Ghostbusters: Afterlife
Year: | 2021 |
Studio: | Sony |
Director: | Jason Reitman |
Producer: | Ivan Reitman |
Writer: | Jason Reitman/Gil Kenan |
Cast: | McKenna Grace, Finn Wolfhard, Paul Rudd, Carrie Coon, Dan Aykroyd, Bill Murray, Ernie Hudson, Annie Potts, Logan Kim, Sigourney Weaver, J K Simmons, Bokeem Woodbine, Josh Gad, Tracy Letts, Olivia Wilde |
More than most, Ghostbusters was the film that made me more than just a movie fan. Star Wars captured us all in its epic triumph over pop culture, but (probably owing to how young I was at the time), it didn't feel like any more than a movie to me.

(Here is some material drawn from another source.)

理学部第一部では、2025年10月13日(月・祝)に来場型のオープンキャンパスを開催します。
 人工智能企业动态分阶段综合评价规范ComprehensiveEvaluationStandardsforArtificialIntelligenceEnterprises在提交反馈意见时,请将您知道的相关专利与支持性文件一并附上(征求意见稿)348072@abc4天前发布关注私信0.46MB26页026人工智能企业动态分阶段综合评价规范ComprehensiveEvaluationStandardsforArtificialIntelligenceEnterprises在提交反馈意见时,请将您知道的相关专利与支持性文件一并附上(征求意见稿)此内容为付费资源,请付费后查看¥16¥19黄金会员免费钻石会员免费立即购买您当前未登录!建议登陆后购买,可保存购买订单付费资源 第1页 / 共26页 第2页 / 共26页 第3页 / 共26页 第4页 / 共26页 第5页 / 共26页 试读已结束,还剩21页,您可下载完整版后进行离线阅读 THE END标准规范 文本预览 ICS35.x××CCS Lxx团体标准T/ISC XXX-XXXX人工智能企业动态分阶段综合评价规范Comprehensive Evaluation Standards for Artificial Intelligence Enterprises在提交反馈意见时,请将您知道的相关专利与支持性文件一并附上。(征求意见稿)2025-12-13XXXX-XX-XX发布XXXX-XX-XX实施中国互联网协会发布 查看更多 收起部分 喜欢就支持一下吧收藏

Ghostbusters (and everything that came after it) felt like it was speaking directly to me – probably in part because it was the first movie I ever owned on VHS (something the streaming generation will never appreciate). The magic in owning a movie and being able to watch it whenever you wanted did something to your psyche, it changed your appreciation not just of that movie but the medium.
As such, and as disappointing as the 1989 sequel and Paul Feig's 2015 remake were, I still lined up for them eagerly. Now, as the officially sanctioned sequel to the series canon, I should have been more excited than I was.

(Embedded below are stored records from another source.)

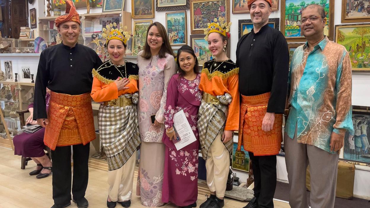 Плесна трупа амбасаде Малезије “Рајске птице” (Chenderawasih) са играчима обученим у традиционалне малежанске ношње одиграла је два плеса – плес добродошлице који се изводи на свечаностима, када девојке у рукама држе корпу са цвећем и плес запин – традиционални плес са југа Малезије. Овом приликом су служени и малежански специјалитети, а неке је лично за госте припремила отправница послова.
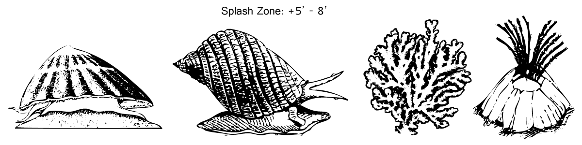 The splash zone receives a lot of spray from wave action but only gets submerged during storms.  To survive in this zone animals must deal with prolonged periods of direct sunlight, the potential beating of waves, and aerials attacks from birds.  Shield limpets, periwinkle snails, lichens, and barnacles can be found living here.
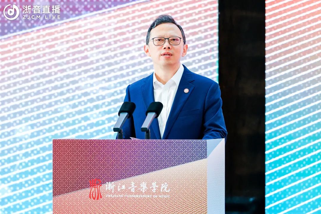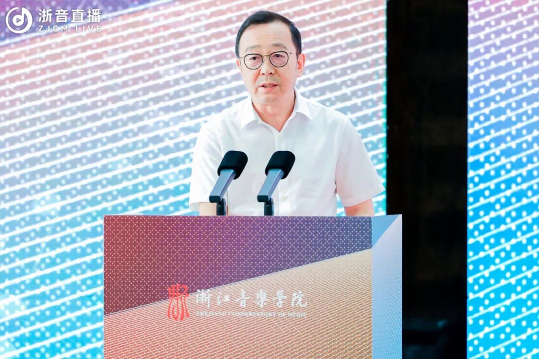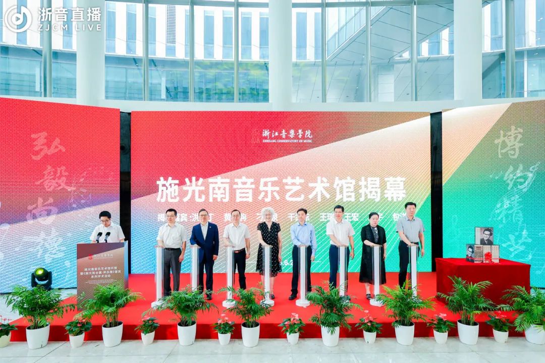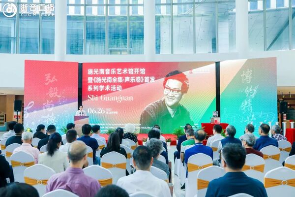 院长王瑞对与会嘉宾的到来表示热烈欢迎。他表示,施光南一生创作和留下了大量歌颂党、歌颂祖国、歌颂人民、歌颂时代的优秀作品,艺术性、时代性、人民性是施光南作品最鲜亮的底色和最鲜明的标识。洪如丁女士和家人将施光南先生的作品手稿、藏书、音像资料以及一批生活和工作用品等珍贵资料文物捐赠给浙音,用于学校的人才培养和教学科研,体现了施光南先生生前一贯的对家乡故土的深情厚谊,更是将传承弘扬施光南先生的艺术理想、艺术精神这一光荣使命交付给了浙音。施光南音乐艺术馆的落成既是浙音对施光南艺术人生的缅怀和纪念,也是对施光南先生艺术成就、艺术精神的追崇和传承,必将成为一代代莘莘学子学习、研究、感悟和继承施光南先生艺术精神和人民情怀的生动课堂。
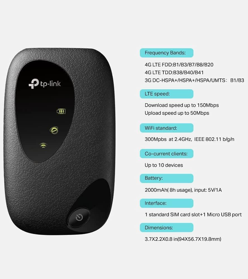 Stay connected anytime, anywhere with the TP-Link M7000 4G+ MiFi Portable Wi-Fi Router. This compact and powerful mobile hotspot supports high-speed 4G+ LTE connectivity, allowing you to share your internet connection with multiple devices simultaneously. Perfect for travel, business, remote work, and home use.
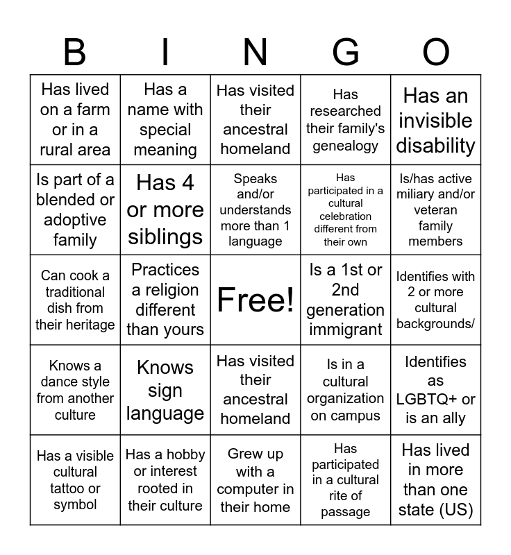 This bingo card has a free space and 24 words: Knows sign language, Has a hobby or interest rooted in their culture, Speaks and/or understands more than 1 language, Has a visible cultural tattoo or symbol, Has an invisible disability, Has lived on a farm or in a rural area, Is part of a blended or adoptive family, Has a name with special meaning, Is a 1st or 2nd generation immigrant, Has visited their ancestral homeland, Has participated in a cultural celebration different from their own, Can cook a traditional dish from their heritage, Is in a cultural organization on campus, Identifies as LGBTQ+ or is an ally, Has 4 or more siblings, Has participated in a cultural rite of passage, Identifies with 2 or more cultural backgrounds/, Has visited their ancestral homeland, Is/has active miliary and/or veteran family members, Practices a religion different than yours, Has lived in more than one state (US), Knows a dance style from another culture, Has researched their family's genealogy and Grew up with a computer in their home.

The first teaser, with Elmer Bernstein's twinkling, ghostly riff and the camera zooming slowly into a barn in the middle of night to settle on the iconic logo on the side of the Ecto-1, was better than all the other trailers and to be honest better than the movie as a whole.
In the later trailer, when Grooberson (Paul Rudd) asks Phoebe who she is and you see hands searching through the Ghostbusters boiler suits in a wardrobe, I wasn't sure if the name 'Spengler' was supposed to be partly hidden, and I also realised how much Finn Wolfhard, with his curly mop, could pass for being related to Harold Ramis.
All of which got me a bit more interested because I thought I'd worked out that the story was going to be about Egon's family after he and Janine (Annie Potts) apparently got together and had kids of their own. But there was no excited chatter or debate online about it so I figured it was more obvious than I thought.
Apart from that reveal, one of the biggest problems with the movie was that for a story based on callbacks, homages and references it didn't deploy them with much finesse. The one frisson of excitement I felt was in the first scene, during Egon's desperate flight across a prairie landscape towards a mountain and passing beneath a sign reading 'Shandor Mining'.
Other allusions, like the mid credits clip of Peter (Bill Murray) and Dana (Sigourney Weaver) with the Zener card experiment that harks back to Peter's attempted seduction of Jennifer Runyon in the original, are just plonked in with no narrative reason to exist.
To the film's credit, it's at least talking directly about the 1984 original. Shandor, Ghostbusters tragics like me immediately knew, was the architect and Gozer cultist who designed Central Park West, Dana Barrett's (Sigourney Weaver) apartment building.
The conceit is that Egon abandoned the gang not long after the events of the first sequel and apparently his family as well, including daughter Callie (Carrie Coon), who's on the skids, and grandkids Phoebe (McKenna Grace) and Trevor (Wolfhard).
He left New York and moved to a remote farmhouse in Oklahoma where he apparently became a crazy, reclusive conspiracy theorist, painting warning signs on the rocks at the foot of the driveway and tinkering endlessly in his basement while the house and land fell apart around him.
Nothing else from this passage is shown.